▶ _Problem to solve_
Every record must be transcribed in its entirety, apart from the images, which are to be omitted.

Records to process Block Start

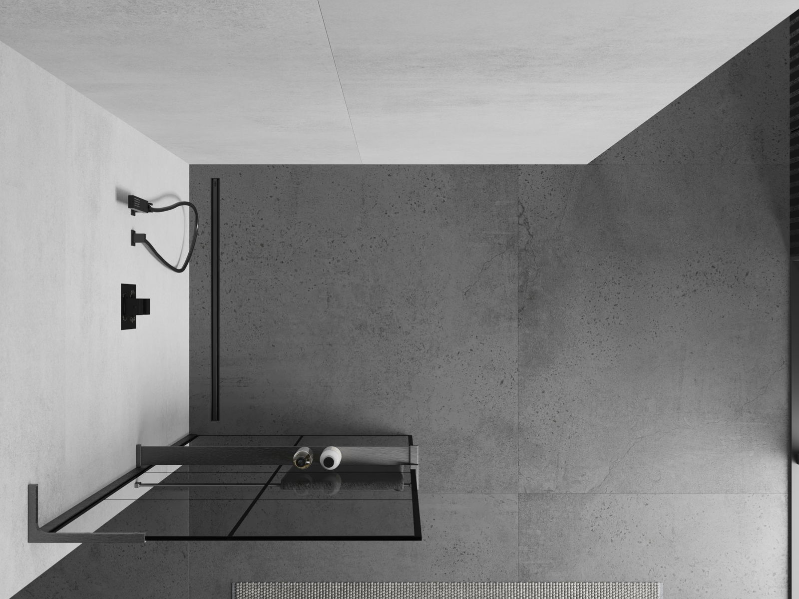 Mexen Kioto+ L paroi de douche avec étagère Walk-in 80 x 200 cm, grille noire, gris fusil brossé - 800-080-123-66-77
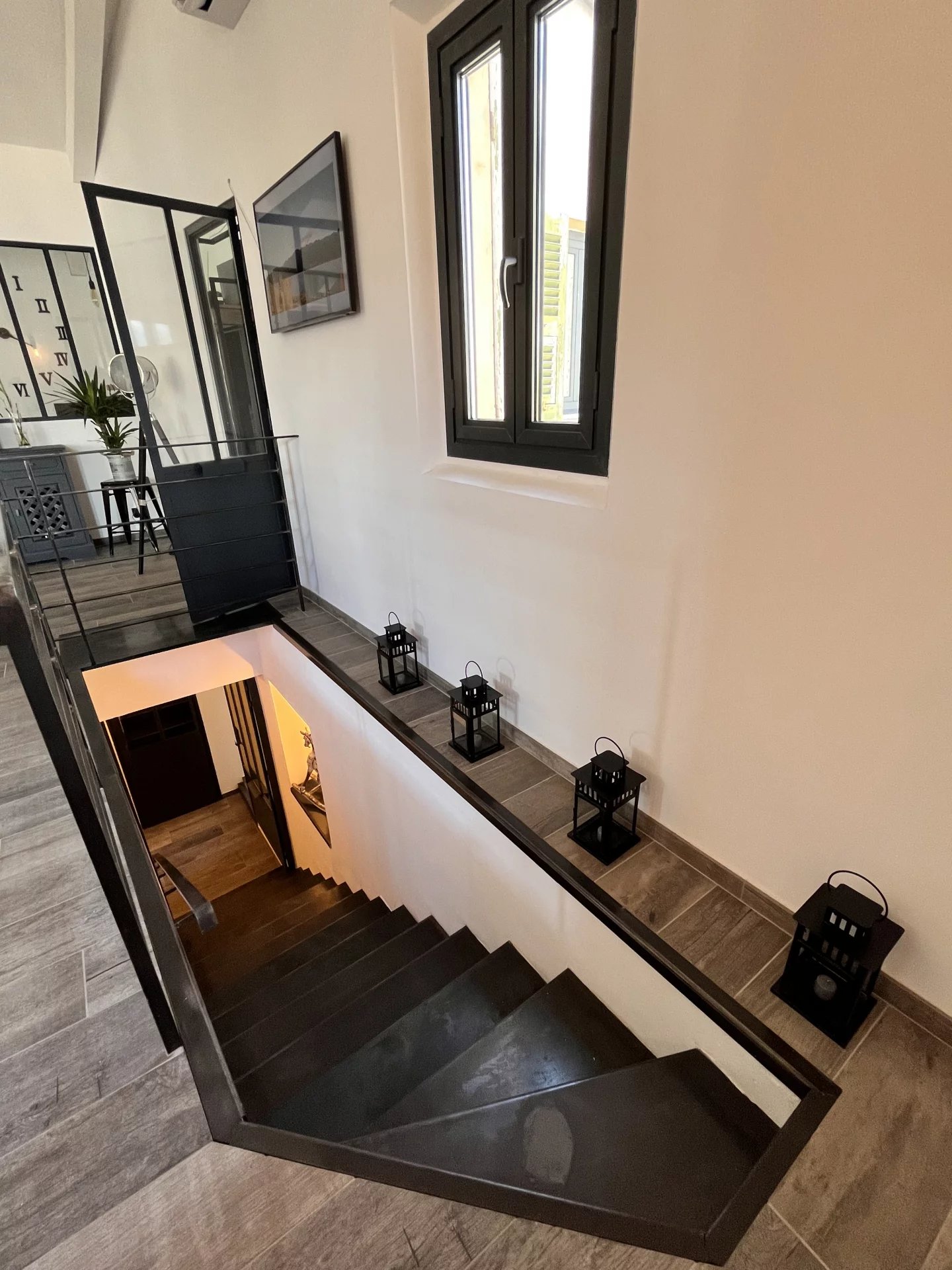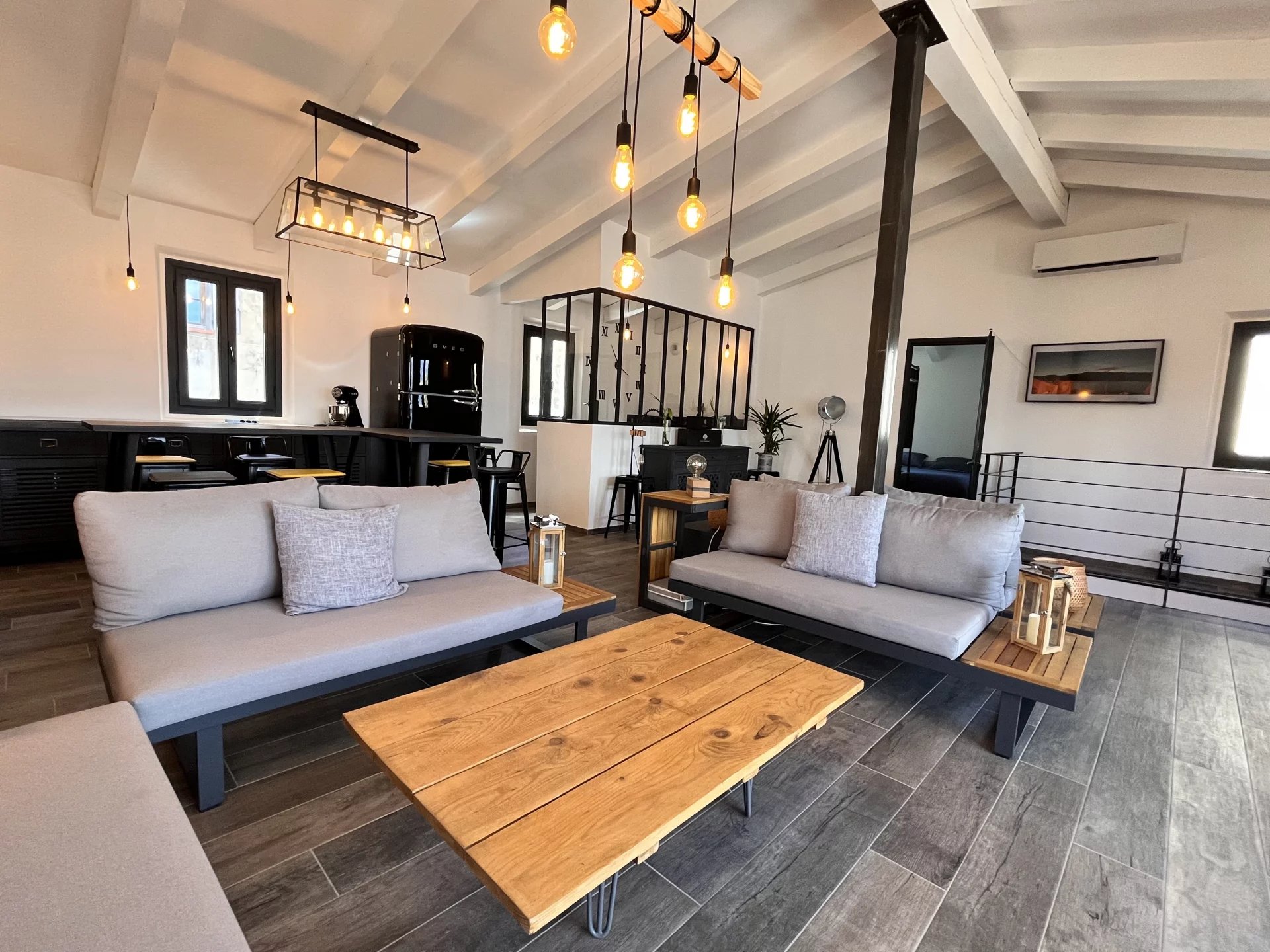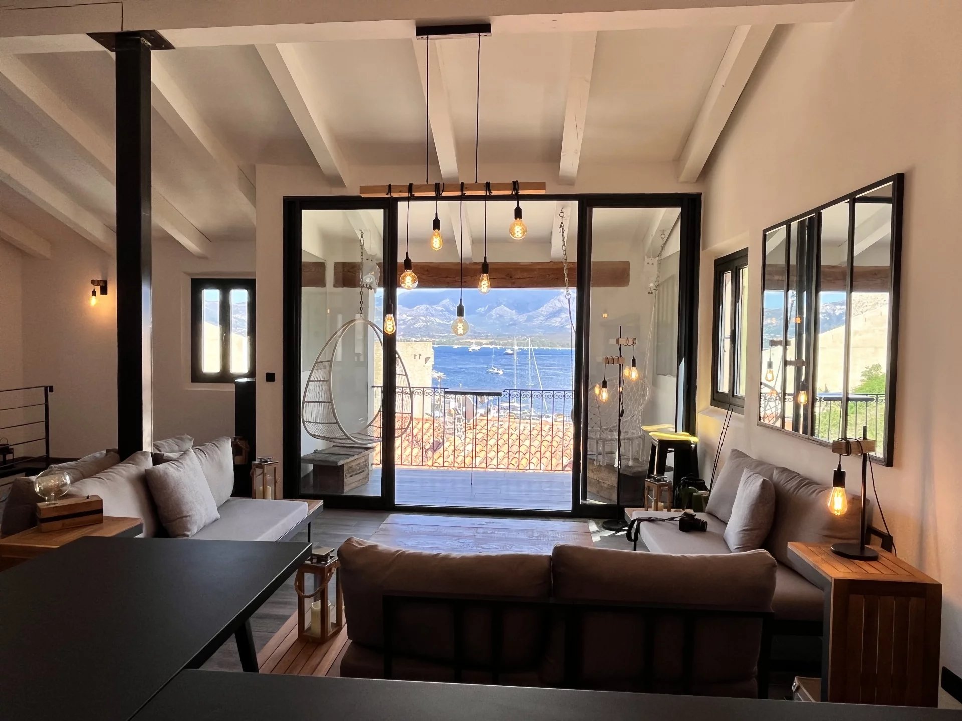 Au cœur du centre ville de Calvi, face au port et à la citadelle, à 5 minutes de la plage, superbe duplex aux derniers étage d’un immeuble historique. Il se compose ainsi: Escalier indépendant depuis la rue, double récéption cathédrale avec 3,5m de HSP au faîtage, terrasse exposée sud-est avec vue exceptionnelle, cuisine ouverte, trois chambres avec chacune une salle d’eau d’eau attentante avec WC. Contact Villaret immobilier 01 42 78 17 78.
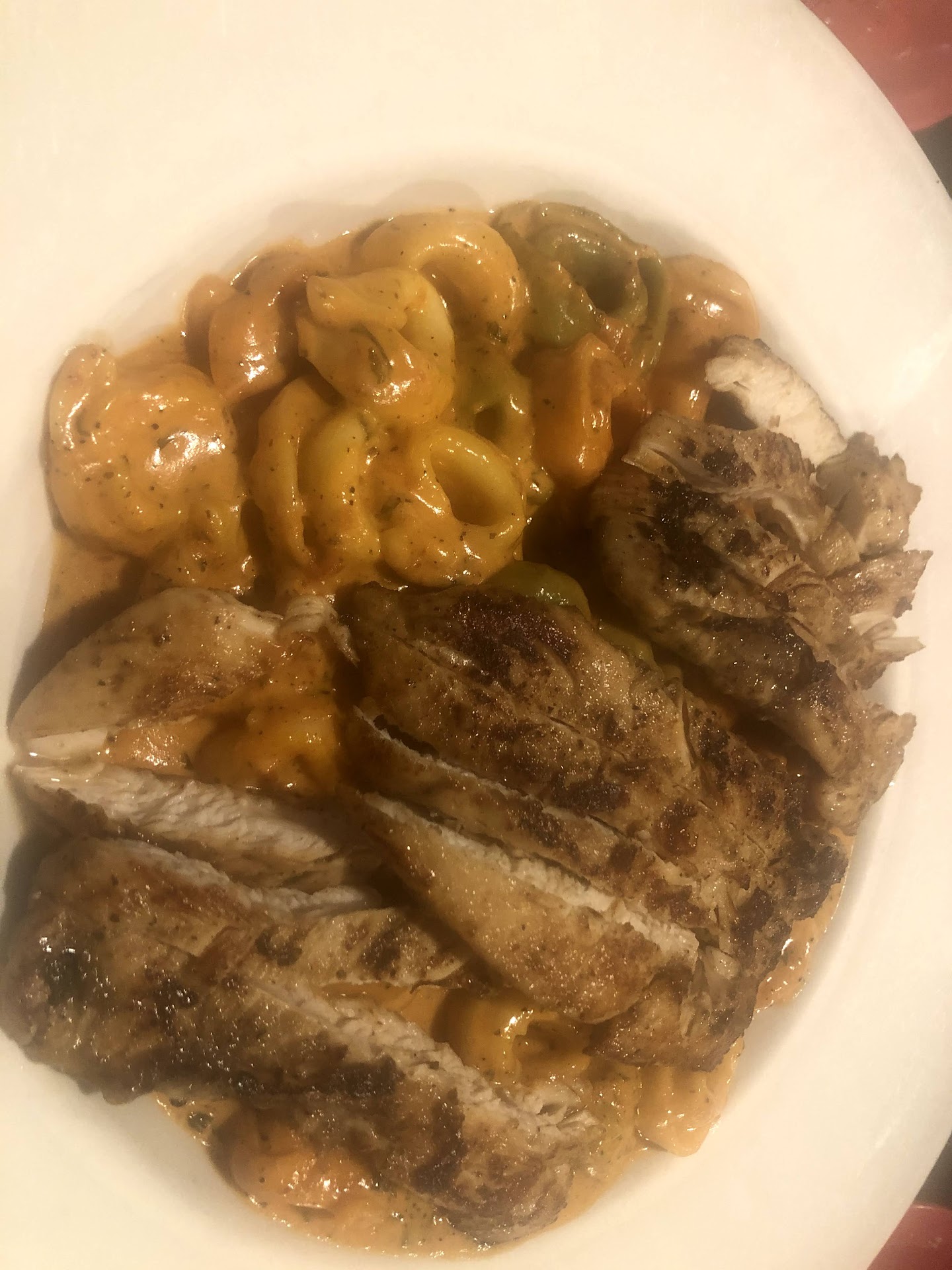 We had bread, salads, Tortellini Ala Panna with grilled chicken, sausage Pizzaola and the Pumpkin Cheesecake. Nice large portions and worth the price. Everything was delicious and we will be back and we will be telling...
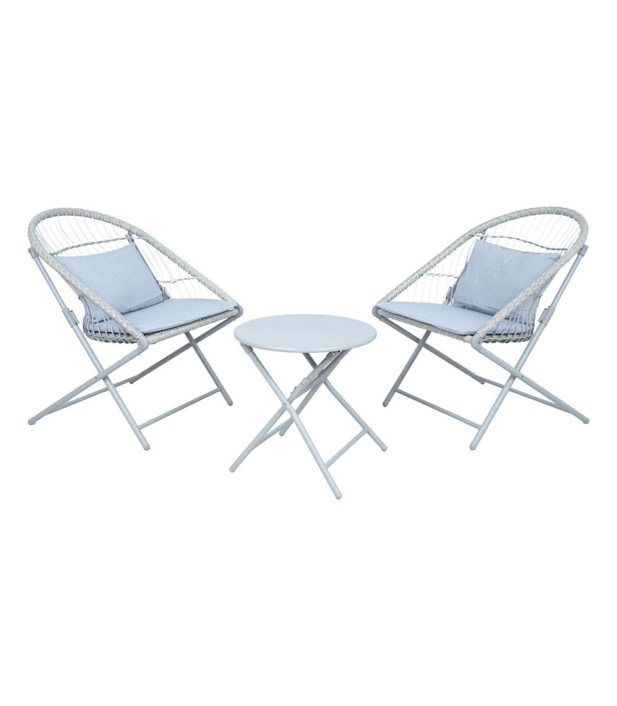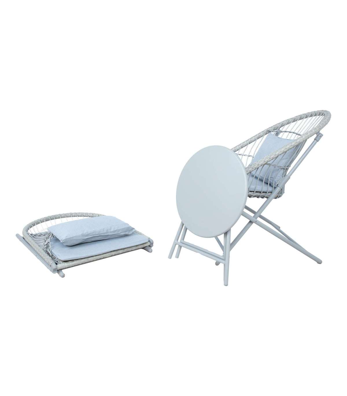 Kokkupandav rõdukomplekt YOLANDA 2 tooli ja laud, helehall.
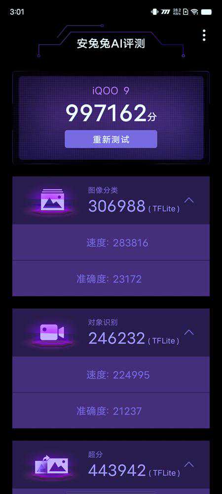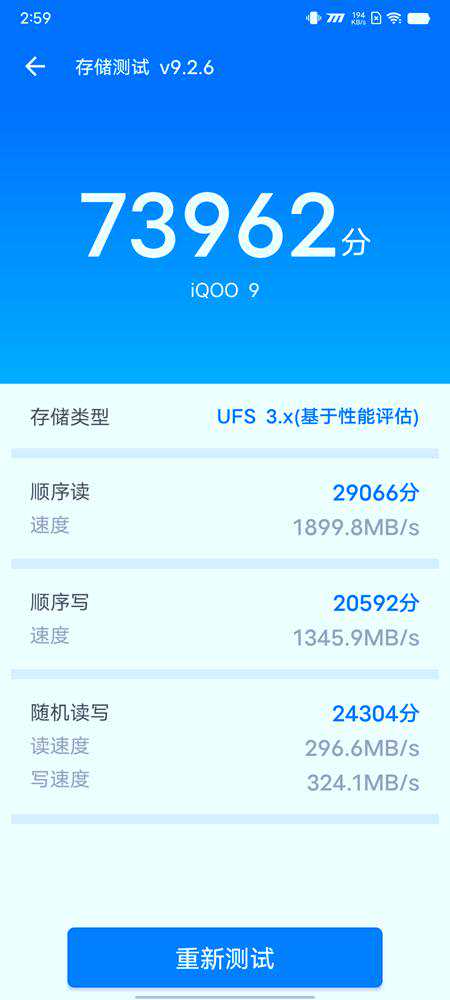 在实测中,iQOO9安兔兔成绩超过了103万,AI测试成绩接近10万分,同时存储方面因为首发采用超频版,并具有Turbo模式,性能测试表现也非常突出,在日常游戏和应用的载入中能够大幅提升极速体验感,可以说应对目前的主流游戏毫无压力。

Records to process Block End

▶ _Solution to the exercise_
 Mexen Kioto+ L paroi de douche avec étagère Walk-in 80 x 200 cm, grille noire, gris fusil brossé - 800-080-123-66-77
 Au cœur du centre ville de Calvi, face au port et à la citadelle, à 5 minutes de la plage, superbe duplex aux derniers étage d’un immeuble historique. Il se compose ainsi: Escalier indépendant depuis la rue, double récéption cathédrale avec 3,5m de HSP au faîtage, terrasse exposée sud-est avec vue exceptionnelle, cuisine ouverte, trois chambres avec chacune une salle d’eau d’eau attentante avec WC. Contact Villaret immobilier 01 42 78 17 78.
 We had bread, salads, Tortellini Ala Panna with grilled chicken, sausage Pizzaola and the Pumpkin Cheesecake. Nice large portions and worth the price. Everything was delicious and we will be back and we will be telling...
 Kokkupandav rõdukomplekt YOLANDA 2 tooli ja laud, helehall.
 在实测中,iQOO9安兔兔成绩超过了103万,AI测试成绩接近10万分,同时存储方面因为首发采用超频版,并具有Turbo模式,性能测试表现也非常突出,在日常游戏和应用的载入中能够大幅提升极速体验感,可以说应对目前的主流游戏毫无压力。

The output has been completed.